Today begins with bond yields at new 14 year highs with the ostensible culprit being the inflation reading in the UK overnight. While there’s no question the data served as a catalyst for additional selling in the overnight trading session, it’s not on the same level as the late September fiscal drama when it comes to big, thematic market movers.
A chart of this week’s relative changes in US vs UK bonds is downright surprising given the extent to which UK trading has influence US markets in October.
In fact, the chart above is downright puzzling. If the drama has been in the UK, and UK yields are about 60bps off their highs, why are US yields a few bps higher?
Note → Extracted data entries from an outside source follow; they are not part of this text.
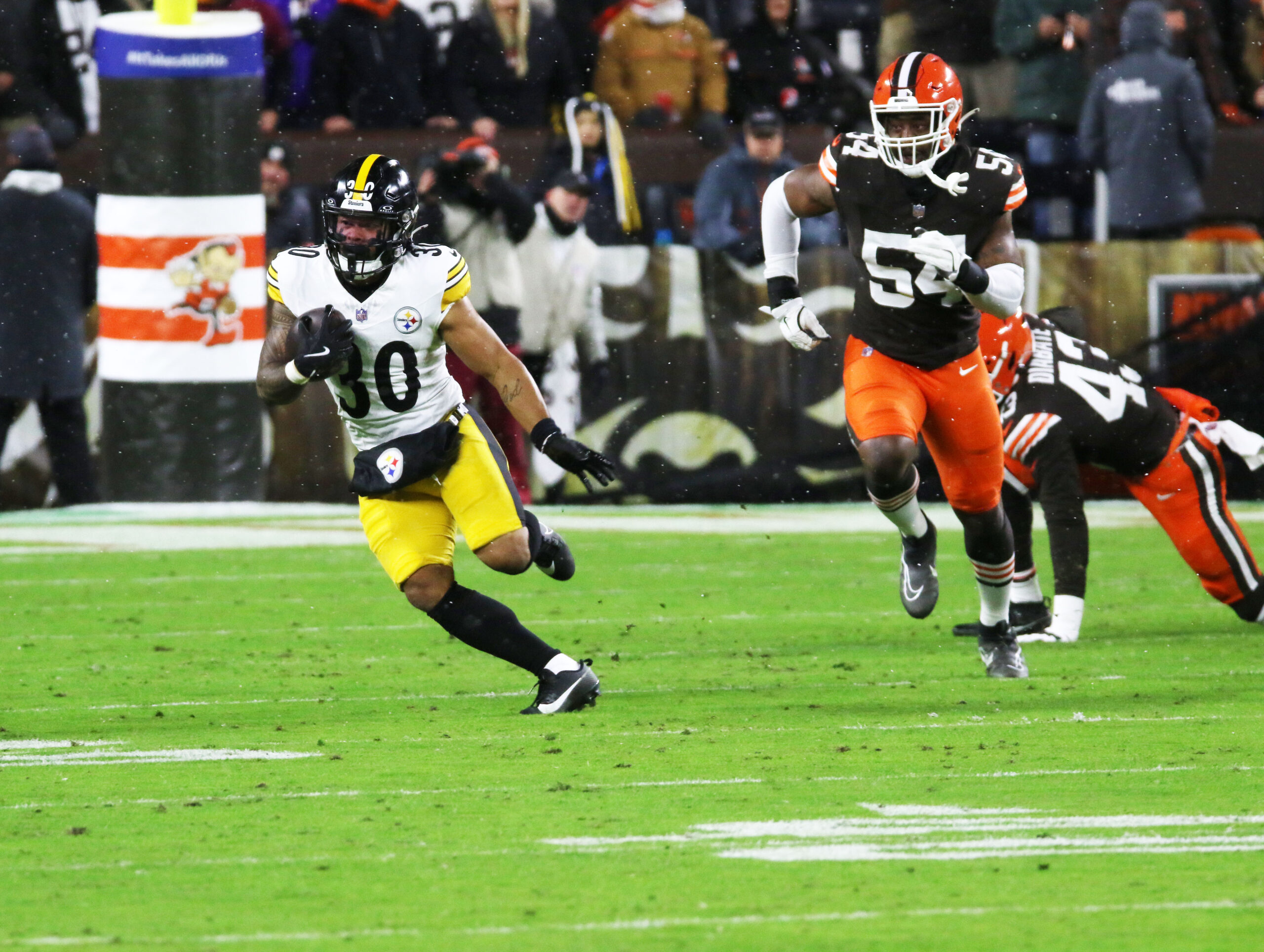 THE STEELERS’ JAYLEN WARREN RUNNING AWAY FROM THE BROWNS…
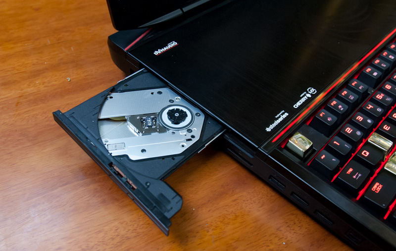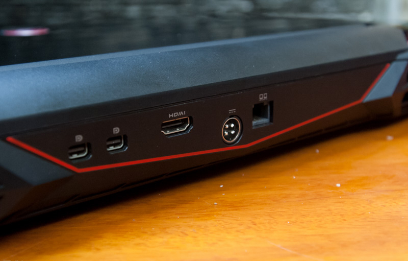 Chiếc ổ này có thiết kế khá kín đáp khi nó nằm bên trong phần nắp nhôm phía trên bàn phím thay vì nằm bên trong phần thân máy bên dưới. Bên cạnh phải chỉ có duy nhất 2 cổng USB 3.0. Các cổng kết nối màn hình đều được được đặt phía sau, giữa 2 họng tản nhiệt lớn gồm 2 cổng mini DisplayPort, 1 cổng HDMI, LAN và 1 jack nguồn 4 chấu.
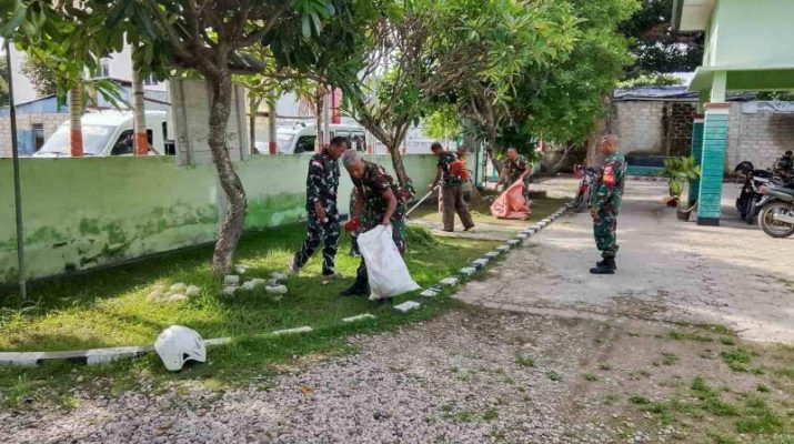 Gentra News NTT – KODIM 1605/BELU, Dalam rangka menciptakan suasana perkantoran yang indah dan nyaman, Anggota Koramil 1605-04/Betun melaksanakan kegiatan pembersihan pangakalan sekitar Kantor Koramil, Rabu (18/12/2024).
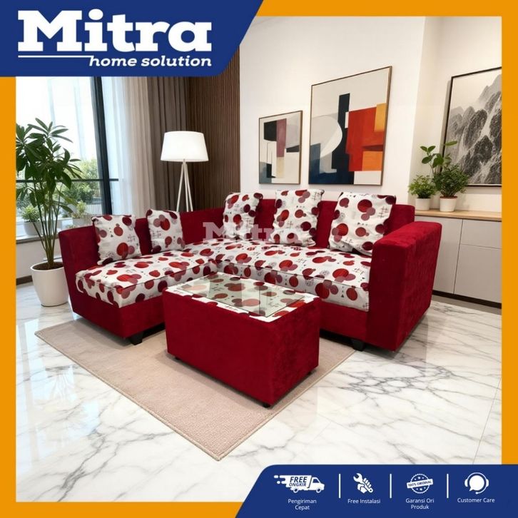 Sofa kain L/ Sofa L minimalis warna merah motif/ free ongkir

This is a very good question, but one that is easier to answer if we zoom out and put both securities on the same axis.
In other words, US 10s have been trending higher in an almost perfectly straight line. UK yields snuck up from behind, caused a ton of volatility and both have now returned to “as if it never even happened” status. Remember the uptrend line we’d been tracking for most of the past two months? Remove the UK drama and…
As for the “why” behind the ongoing uptrend, that’s more of an open question. Apprehension is certainly part of it. Upcoming concerns like today’s 20yr bond auction, corporate issuance, corporate earnings, and another pre-Fed-meeting blackout period starting this weekend are all worth considering. While we have, at times, seen evidence of buyers stepping in when yields moved over 4%, that clearly hasn’t been enough to sustain a ceiling. We’re increasingly inclined to give more credit to short-covering for the early October recovery and to the re-setting of the inflation data countdown clock (the one that won’t officially start until core inflation moves down from 0.6% month-over-month) for the weakness seen after last week’s CPI and Consumer Sentiment data.